We use our module by referencing it within our main, main.tf file, like so;

module "dns_domain" {
  source = "./dns_domain" # path to the module folder
  domain_parts = "${split(".",var.site_name)}"
  parts_count = "${length(split(".",var.site_name))}"
}

And setting the modules variables; domain_parts & parts_count.

We then update our Route53_Zone resource to use the output from the module;

resource "aws_route53_zone" "site_zone" {
  name = "${module.dns_domain.root_dns}"
}

We will now run a terraform plan on our new configuration to see what the results should look like.

Module output with a 3 part domain name

Module output when passing a 4 part domain name

Revisiting our Route53 Records

Knowing that we didn’t exactly setup our DNS correctly, we will reevaluate all our DNS related configuration and adjust our scripts accordingly. After some review, this is what our DNS configuration ends up looking like;

# Route53 Domain Name
resource "aws_route53_zone" "site_zone" {
  name = "${module.dns_domain.root_dns}"
}
resource "aws_route53_record" "site_ns" {
  zone_id = "${aws_route53_zone.site_zone.zone_id}"
  name = "${module.dns_domain.root_dns}"
  type = "NS"
  ttl = "30"
  records = [
    "${aws_route53_zone.site_zone.name_servers.0}",
    "${aws_route53_zone.site_zone.name_servers.1}",
    "${aws_route53_zone.site_zone.name_servers.2}",
    "${aws_route53_zone.site_zone.name_servers.3}"
  ]
}
# Create a "static." cName to point to the s3 bucket
resource "aws_route53_record" "site_cname_static" {
  zone_id = "${aws_route53_zone.site_zone.zone_id}"
  name = "static.${module.dns_domain.root_dns}"
  type = "CNAME"
  ttl = "30"
  records = [
    "${aws_s3_bucket.site_bucket.bucket_domain_name}"
  ]
}
# Create a CName for our site_name and point to cloudfront
resource "aws_route53_record" "site_cname" {
  zone_id = "${aws_route53_zone.site_zone.zone_id}"
  name = "${var.site_name}"
  type = "CNAME"
  ttl = "30"
  records = [
    "${aws_cloudfront_distribution.site_distribution.domain_name}"
  ]
}

Applying our New & Improved Configuration

With all these changes in place, we will now re-apply our entire new configuration. To do that, we need to perform the following actions;

terraform init # re-run init so we load our new module
terraform plan -var 'site_name=www.example.com'
terraform apply -var 'site_name=www.example.com;

Within a few minutes, our terraform configuration should be applied successfully. Once complete, we will now check our Route53 configuration for correctness.
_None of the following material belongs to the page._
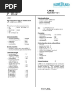 Physical properties Electrical resistivity r [Wm] 0.8 Coefficient of thermal expansion Specific heat Cp [Jkg-1K-1] 430 Thermal conductivity l [Wm-1K-1] 15 Elastic modulus E [GPa] 220 at 20C 196 at 400C Elongation A5 [%] 12 3 8 12 - 15 Vickers Hardness [HV] 215 - 275 540 520 245 - 290 Cooling Very slow Quench (water, oil) Air Air

Route53 Configuration — Root DNS Zones

Route53 Zone configuration

Not only do we have our root zone configured correctly, but we can see that all our DNS records appear as expected as well. We have a “static.” record which we can use to directly access the website hosted in S3 and our “test.” domain name is pointing to our Cloudfront Configuration.
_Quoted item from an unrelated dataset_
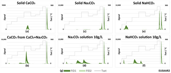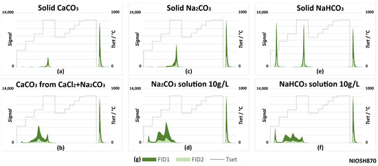 Regarding TOT, being the different components operationally defined carbonaceous fraction, the results are strictly dependent on the temperature protocol used. In the case of CC, also taking into consideration the chemical nature of the species, these will evolve at different points during analysis. The only one that evolved, as expected, in the OC4 fraction was anhydrous calcium carbonate. However, this may not be the only species evolving in this time frame, as peaks were also observed for samples in which insoluble IC was not detected via TOC analysis. Changing the state of the substances (solid vs. solution) had a significant impact on the results, as the carbonate–bicarbonate equilibrium is established in solution. For these reasons, in the analysis of snow samples that have melted, carbonate carbon should be eliminated a priori by exposure to gaseous HCl [38].

Our SSL Certificate has been created and is in an Issued status

Our CloudFront configuration is using the correct SSL Certificate

Success!!

All our infrastructure has been created exactly as we intended.

Terraform Destroy

As you have seen over the course of this short article, using Terraform, we can stand up significant amounts of infrastructure pretty quick and easy. In fact, it took longer to visually inspect the results of the terraform script in AWS than it did to script and execute the configuration.

Luckily, tearing down all the infrastructure a set of terraform scripts creates can also be quick and easy. To tear down all the infrastructure a terraform script creates, just issue a terraform destroy command, passing in the same exact arguments you used when creating the infrastructure in the first place.
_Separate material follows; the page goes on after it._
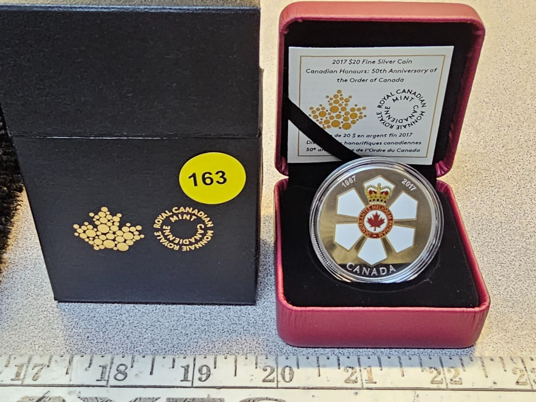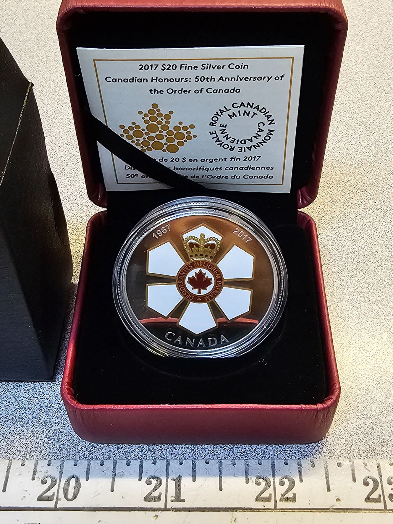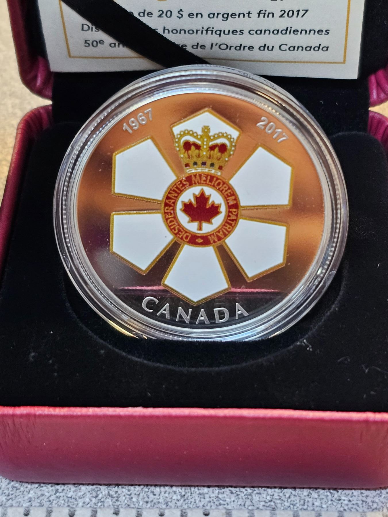 2017 $20 Canadian Honours Series: 50th Anniversary of the Order of Canada. Colourized. Proof with Ultra Heavy Cameo. 99.99% pure Silver. Housed in its original Royal Canadian Mint case & box of issue, along with a Certificate of Authenticity.

Terraform Destroy tearing down all of our freshly created infrastructure.

There are a few caveats regarding terraform destroy. One of the more important one’s is; if you alter your terraform scripts after running terraform apply, but before running terraform destroy, you may get some inconsistencies or errors. As such, if you encounter an error when running terraform apply, just issue a terraform destroy and then proceed to adjusting your scripts.